The government of Uzbekistan has requested that the United States leave the Karshi-Khanabad, or K-2, air base within one-hundred-eighty days. The U.S. military has used the Uzbek base as one route of access to Afghanistan in the war on terror. Under a bilateral agreement between the United States and Uzbekistan, either party has the right to terminate U.S. use of the base at any time by providing one-hundred-eighty days notice.

The announcement by Uzbekistan's government came amid international criticism over the violence that took place in May in the city of Andijan. Human rights groups and eyewitnesses charge that Uzbek security forces killed hundreds of unarmed protesters there. There has been no accountability for this massacre.

The United States continues to have important security interests in Uzbekistan, but will also continue to speak out about human rights. "On the one hand, we clearly have been supportive of efforts to strengthen our relationship on the military side," said U.S. Under Secretary for Political Affairs Nicholas Burns. "Of course, access to the base was useful to us, but on the other hand, the United States felt it was very important we speak out clearly on behalf of those who were victims of human right abuses, particularly concerning the Andijan episode."

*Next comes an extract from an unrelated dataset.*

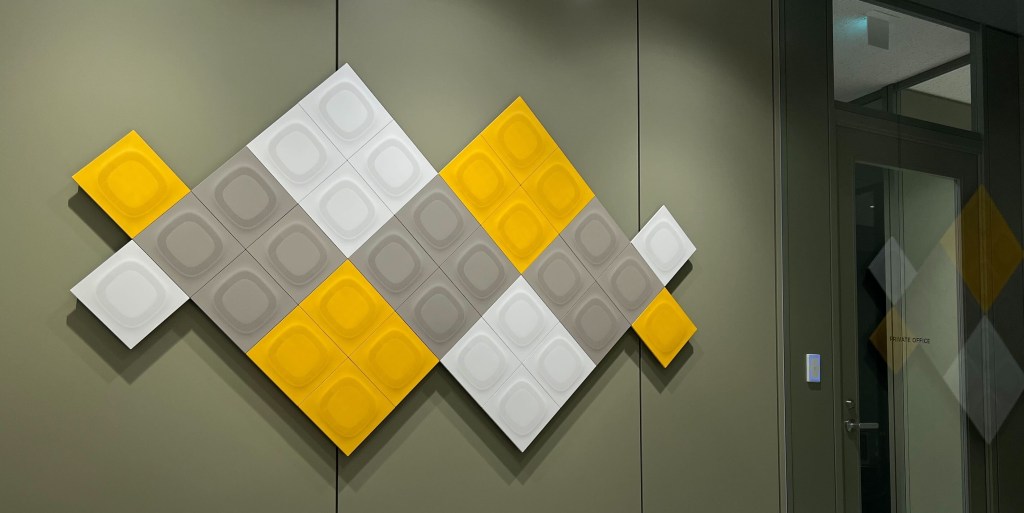 iwasemi™吸音パネルは、会話音の周波数帯域に特化した吸音性能と高い意匠性を兼ね備え、会議に最適な音響空間を実現。反響音を抑え、聞き取りやすい音響で快適さと効率性を高めます。

U.S. State Department Acting Spokesman Tom Casey said that in the U.S. relationship with Uzbekistan, the issues of security on the one hand and human rights on the other, are not mutually exclusive:

"Democracy and human rights, economic reform, military cooperation are all part of our relationship. I think we’ve said previously that we do not view any of these elements as inimical to one another, but we’re going to continue to have a dialogue with the Government of Uzbekistan. We certainly expect that that dialogue will continue over time, regardless of the status of the base."

The United States, said Under Secretary of State Burns, will "continue to assert the principal that human rights and democratic reforms are important and that what happened in Andijan must be investigated."

The preceding was an editorial reflecting the views of the United States Government.